=== Input data ===
------
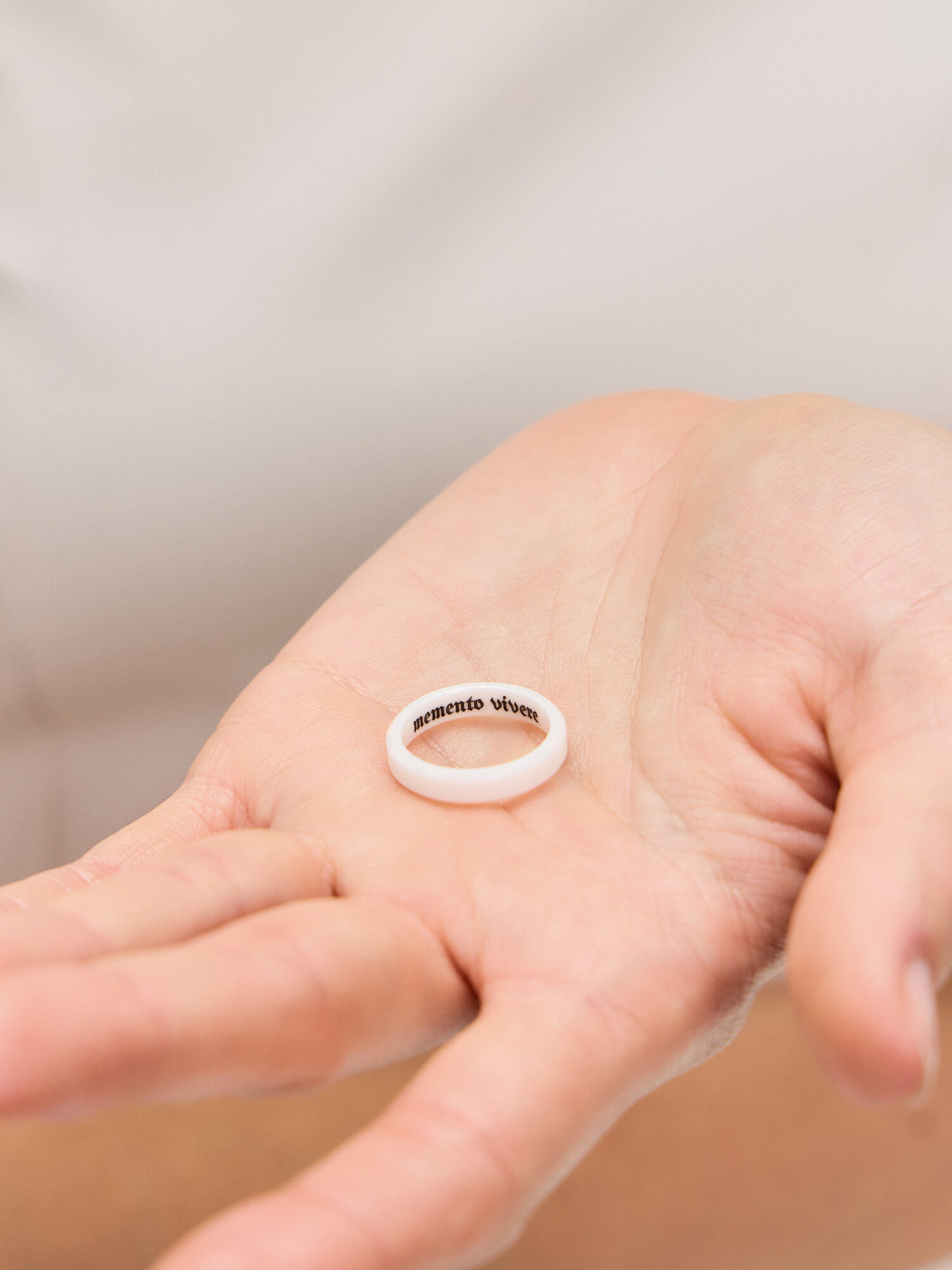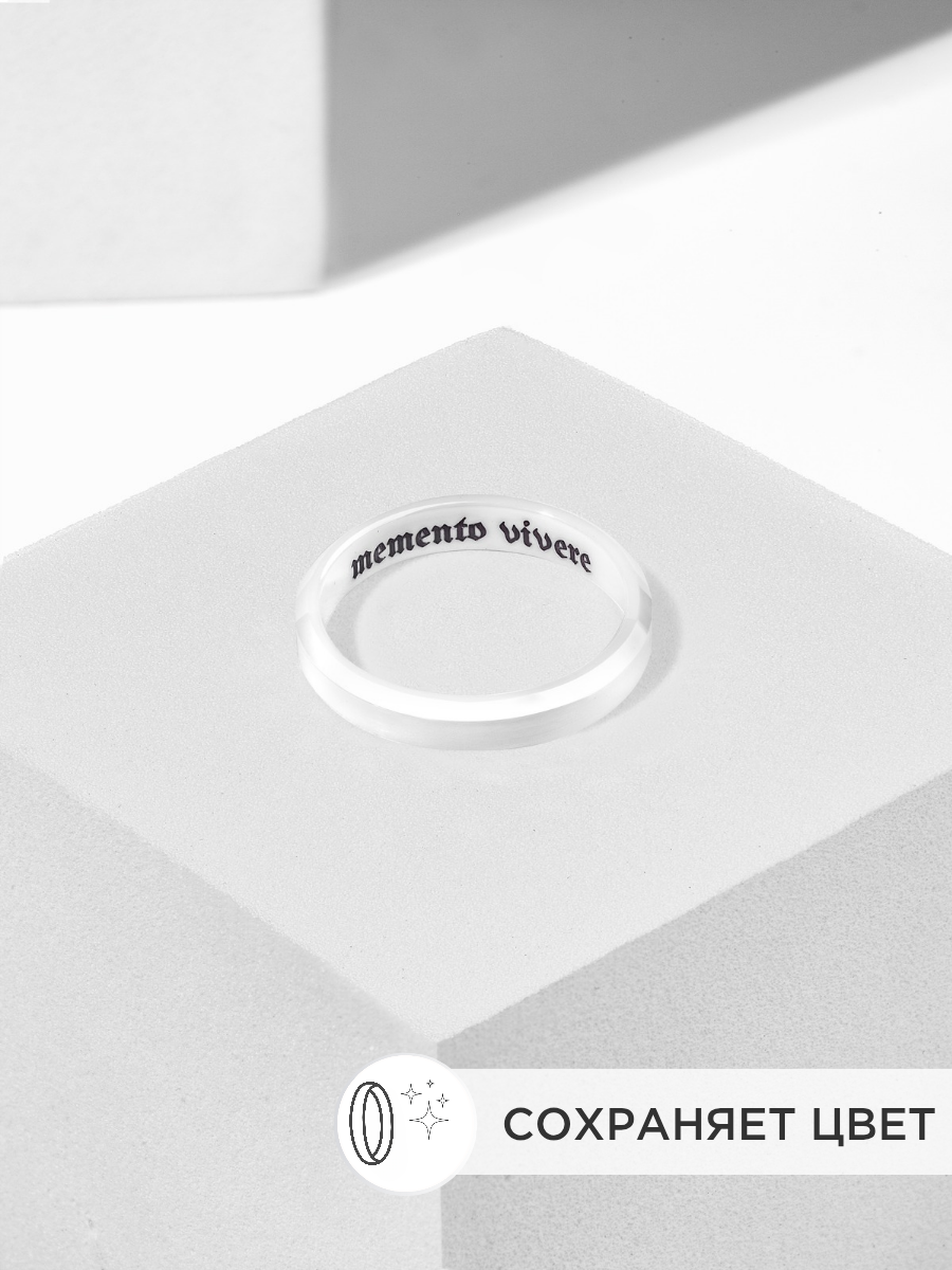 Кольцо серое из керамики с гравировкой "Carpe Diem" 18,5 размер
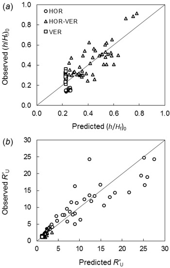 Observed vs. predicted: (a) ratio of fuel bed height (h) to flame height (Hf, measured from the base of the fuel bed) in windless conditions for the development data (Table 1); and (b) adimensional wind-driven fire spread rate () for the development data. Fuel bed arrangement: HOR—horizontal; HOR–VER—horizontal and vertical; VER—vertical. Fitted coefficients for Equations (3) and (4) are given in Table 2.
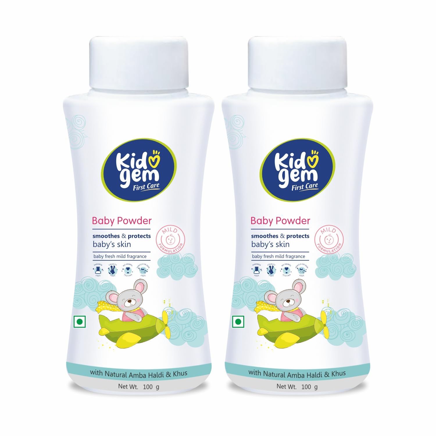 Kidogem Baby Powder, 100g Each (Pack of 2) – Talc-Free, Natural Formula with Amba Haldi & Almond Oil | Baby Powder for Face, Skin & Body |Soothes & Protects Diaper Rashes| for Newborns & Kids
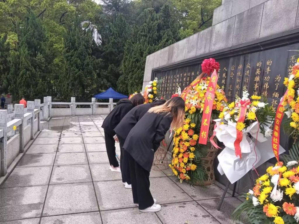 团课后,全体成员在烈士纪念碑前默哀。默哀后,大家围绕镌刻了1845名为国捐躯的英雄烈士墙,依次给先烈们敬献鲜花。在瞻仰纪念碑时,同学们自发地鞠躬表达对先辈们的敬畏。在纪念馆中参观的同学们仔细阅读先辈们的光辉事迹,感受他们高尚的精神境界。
------
The answer is the lines above, word for word, from the first one through the one containing "Kidogem Baby Powder, 100g"; it includes no pictures.

 Кольцо серое из керамики с гравировкой "Carpe Diem" 18,5 размер
 Observed vs. predicted: (a) ratio of fuel bed height (h) to flame height (Hf, measured from the base of the fuel bed) in windless conditions for the development data (Table 1); and (b) adimensional wind-driven fire spread rate () for the development data. Fuel bed arrangement: HOR—horizontal; HOR–VER—horizontal and vertical; VER—vertical. Fitted coefficients for Equations (3) and (4) are given in Table 2.
 Kidogem Baby Powder, 100g Each (Pack of 2) – Talc-Free, Natural Formula with Amba Haldi & Almond Oil | Baby Powder for Face, Skin & Body |Soothes & Protects Diaper Rashes| for Newborns & Kids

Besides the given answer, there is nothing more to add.